光の当たり具合か、あるいは本当にその表情に影が差しているのか、その表情はどこか仄暗いものだった。
京華は窺う私の視線に気付くと、その頬をふっと緩め、知らない誰かの席に座る。
そのしなやかな指で頬をついてから、十分に溜めてから話を続けた。
「結局さ、言葉の使い方ってのは、その人次第だと思うんだよ。皆が人を思いやって使ってくれれば、もっとマシな世の中になるのにさ」
「らしくないことを言ってるわね」
「ええっ!? 私、姫芽からはそんな薄情者に見えてたの!?」
「別にそういうわけじゃないけどね」
びっくり仰天、といった形相で目を見開く京華に、雑なフォローを入れる。
どうやらそれで満足したらしく、彼女は嘘みたいに真顔に戻った。
やがて、ふと思い立ったように、彼女は口角を持ち上げて――、
「だからさ、姫芽。

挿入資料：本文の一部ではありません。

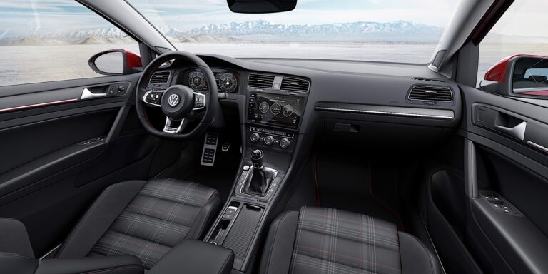 Sportowe wersje GT wyróżniają się kolorowymi akcentami, które odpowiadają charakterowi konkretnej wersji Golfa, zamiast chromowanej listwy w grillu i reflektorach. Jednym z najważniejszych symboli Golfa GTI – czerwona listwa w grillu – została wydłużona jako jeszcze bardziej charakterystyczny element. Poprzeczka w grillu oraz małe skrzydełka po bokach standardowych podwójnych reflektorów LED są również czerwone. Tył Golfa GTI na rok 2017 wyróżnia się nie tylko nowymi zderzakami i pełnymi LED-owymi światłami tylnymi, ale także powiększonym przekrojem chromowanych rur wydechowych.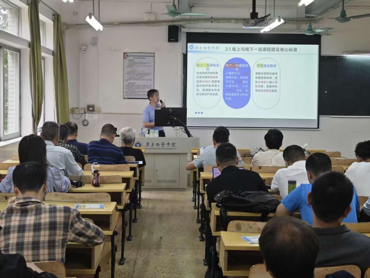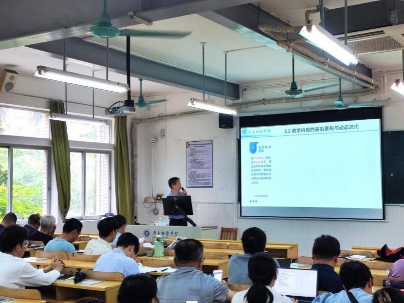 随后,邹学玉教授以“一流课程建设的创新路径与实践探讨”为核心主题,为在场教师带来了一场既有理论高度、又有实践深度的思想盛宴。讲座紧扣“两性一度”核心标准,从政策背景、建设标准、核心要素、AI赋能及申报策略五个维度,层层递进,深度剖析了智慧课程建设的底层逻辑与实操路径。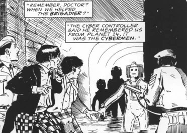- It is unclear how the Doctor or Jamie are aware of the reference to Planet 14 from the events of TV: The Invasion, as their positive identification by the Cyber Module was made in confidence to Tobias Vaughn alone, so no other character would possess knowledge of the exchange. Furthermore, Jamie recalls the Cyber-Controller mentioning it, rather than the Cyber Module, though Jamie getting the terminology wrong is a possible excuse. If the Doctor and Jamie are remembering correctly, this points to the possibility of a further, unseen adventure with the Second Doctor, Jamie and the Brigadier fighting the Cybermen.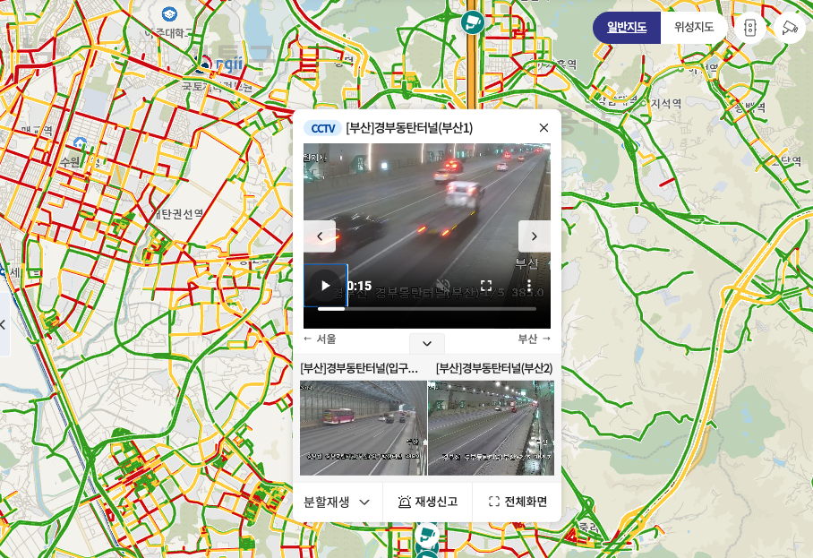 지도 색깔만으로는 실제 체감 교통량을 파악하기 어렵습니다. 이럴 때는 CCTV 영상을 확인하는 것이 가장 정확합니다.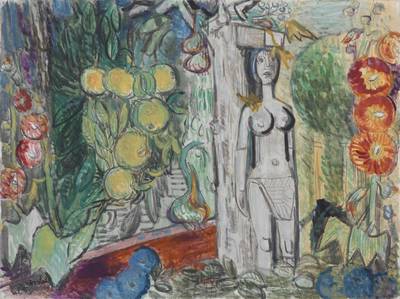 Mit Charles Crodel (1894-1973) widmet sich die Galerie Mutter Fourage erneut einem Maler, der in den 20er und 30er Jahren in der Freien und Berliner Secession ausstellte. Seine Malerei wurde anfänglich durch den Expressionisten Ernst Ludwig Kirchner und durch Edvard Munch beeinflusst. Reisen nach Nord- und Südeuropa sowie seine klassische Bildung prägten nach 1923 seinen unverwechselbaren poetisch-lyrischen Stil in der Malerei, Grafik, Wandgemälden und Kirchenfenstern. Mehr als 50 Arbeiten, die in der Ausstellung zu sehen sind, zeigen eine lebenslange Schaffensfreude, die trotz nationalsozialistischer Repressalien ungebrochen blieb. Crodels Malerei wird ergänzt durch großvolumige und expressive Raku-Keramiken des international bekannten Künstlers Martin Mindermann (*1960).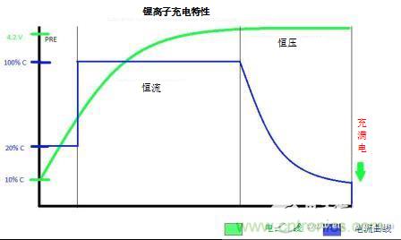 電池在充電時通常經(jīng)歷兩個階段:恒定電流(CC)和恒定電壓(CV)。圖1所示為4.2V鋰離子(Li-ion)電池的典型充電曲線。當大部分能量從充電器傳輸?shù)诫姵貢r,CC大致用于充電的前67%時間。在剩余充電時間的最后33%內(nèi),則是恒定電壓,以充分充電并保持電充滿。考慮到放電電流,并保持電池電壓完全充電,一些充電器在CV期間泵送小電流(也稱為涓流充電)。電池完全充電所需的時間取決于其容量和最大允許充電電流,是電池化學和環(huán)境溫度的函數(shù)。例如,如果您有一個容量為3000mAh,充電率為0.8C的鋰離子電池(其中C表示在一小時內(nèi)為電池充電所需的電流,這是電池制造商建議延長電池壽命的默認電量),電池需要兩到三個小時才能完全充滿電。
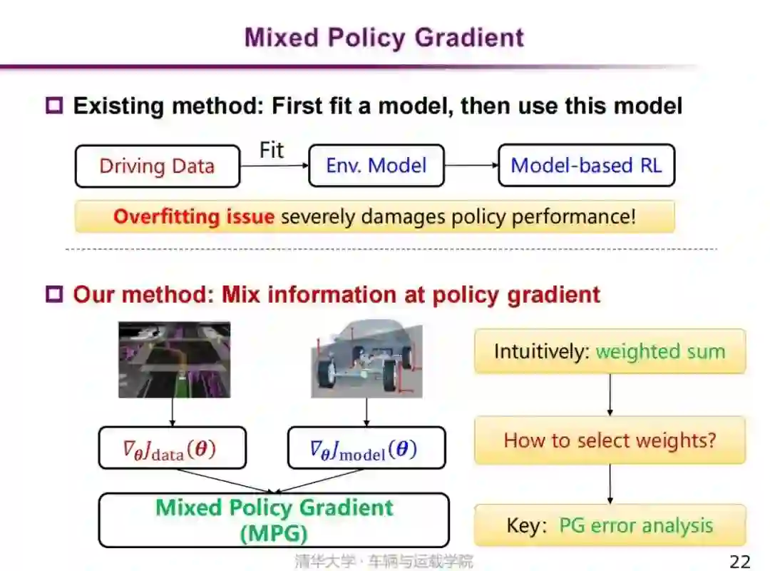 这一做法的问题在于:由于数据的局部性,模型可能存在严重过拟合,从而损害策略性能。为此,我所在的课题组提出了一类全新的混合策略梯度(MPG,Mixed Policy Gradient)算法,核心思路是使用数据和模型直接构造更优的策略梯度估计,即在梯度层面融合模型和数据两部分信息。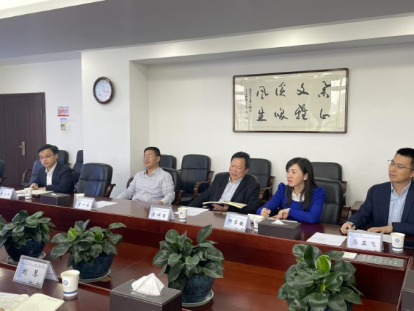 曾祥君代表学校对蔡果时一行来校调研表示热烈欢迎,并介绍了我校科学研究和学科建设的基本情况以及我校对标“三高四新”战略的科技创新工作。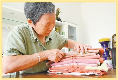 汤春梅仔细整理一面面褪色的国旗。图为姚雨婷摄

私と一緒に、倫理学が学べる学校に行かない?」
「――。それ、私と一緒の大学に行きたいだけでしょ。京華が私の進路希望調査票をこっそり盗み見たのも知ってるし、京華の進路希望調査票が白紙なのも知ってるわよ」
「――バレた?」
張り付かせた笑顔の裏、そこに込められた悪巧みを看破してあげると、京華は舌を出してとぼけた。
――いつだって、回りくどくてめんどくさい子だ、京華は。
私はそんな彼女の頭を二回ほど叩いたのち、鞄を持つ。
噛み締めるように叩かれた頭を撫でる京華と並んで、私は昇降口をあとにした。